Unlike futures — which are contracts to buy or sell an asset at a specific price on a specific date — the perpetual swap eliminates expiration and mirrors the feel of margin trading. Perpetuals act as a rolling series of short-term futures contracts using a funding rate, or payment exchanged between long and short positions, to maintain price alignment with the underlying asset.

Lutz argues that the perpetual swap was a cornerstone innovation in crypto trading because it addressed a fundamental challenge in building derivatives in the early crypto market structure.

“You faced counterparty credit risk, and there was no real structure for bringing longs and shorts together,” he said. “The perpetual swap with the funding mechanism and the insurance fund in the background sparked the whole [futures] trading industry.”

It also allows traders to react with the hyperdrive speed required in crypto.

“If you say it’s a seven-year cycle [some investors believe the market functions in this pattern] in TradFi, this cycle is six months in crypto,” Lutz, a veteran of Deutsche Börse, which operates the Frankfurt Stock Exchange, said. “You need to react to new developments very quickly.”

While BitMEX is nowhere near the largest derivatives exchange by volume anymore – that’s what happens when larger centralized exchanges, like Binance, adopt the perp and get into the derivatives business – it still has a loyal cadre of traders.

One reason for that is because BitMEX does not have its own market-making desk.
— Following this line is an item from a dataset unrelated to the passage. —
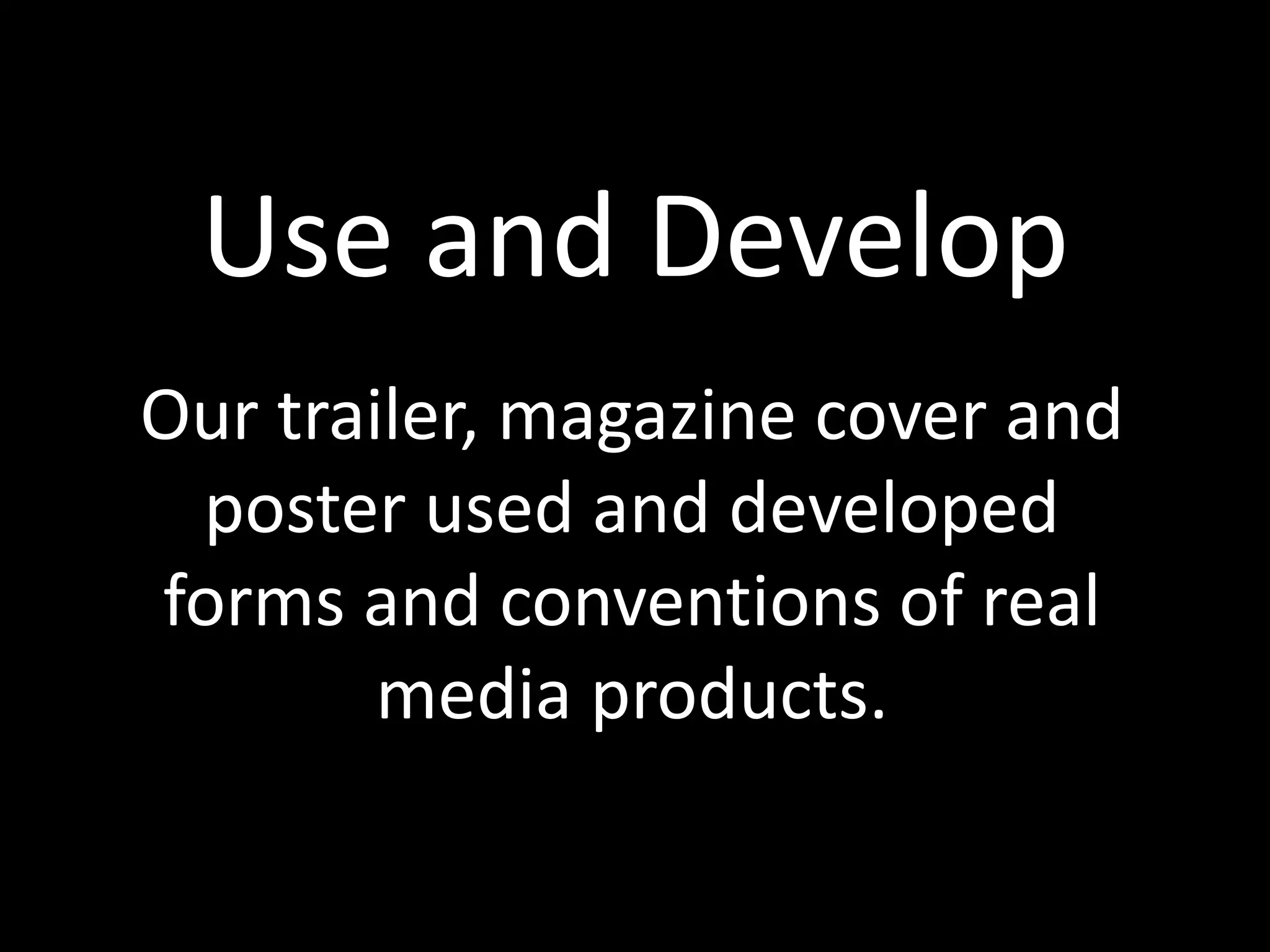 This document discusses how the media product uses, develops, and challenges conventions of real media. It summarizes that the magazine cover, poster, and trailer developed conventions like large mastheads, relevant headlines, close-up character images, and use of red color. However, it also challenged conventions by including star ratings on the poster and using minimal dialogue in the trailer without a spoken narrative. Market research was conducted to understand audience preferences and satisfy their expectations.

It doesn’t trade against its own customers, Lutz said.

“Our funding rates can sometimes differ because we ensure completely independent price discovery, which is important for maintaining fairness,” he said. “It’s a matter of neutrality.”

During periods of high volatility, particularly market downturns, BitMEX often sees its market share spike — sometimes double — Lutz explains because of the exchange’s loyal cadre of derivatives traders.

Another 10 years

Sometimes it’s tough to imagine where a crypto company will be in 10 years, given the speed at which the industry operates.

Compare the liquidation and winding up of Lehman Brothers, to the relatively rapid resolution of FTX’s bankruptcy.

As for BitMEX, Lutz foresees the exchange maintaining its niche in bitcoin-based derivatives while selectively expanding its offerings.

And maybe sometime during this next decade, BitMEX will invent something new — and be flattered when the entire industry copies it.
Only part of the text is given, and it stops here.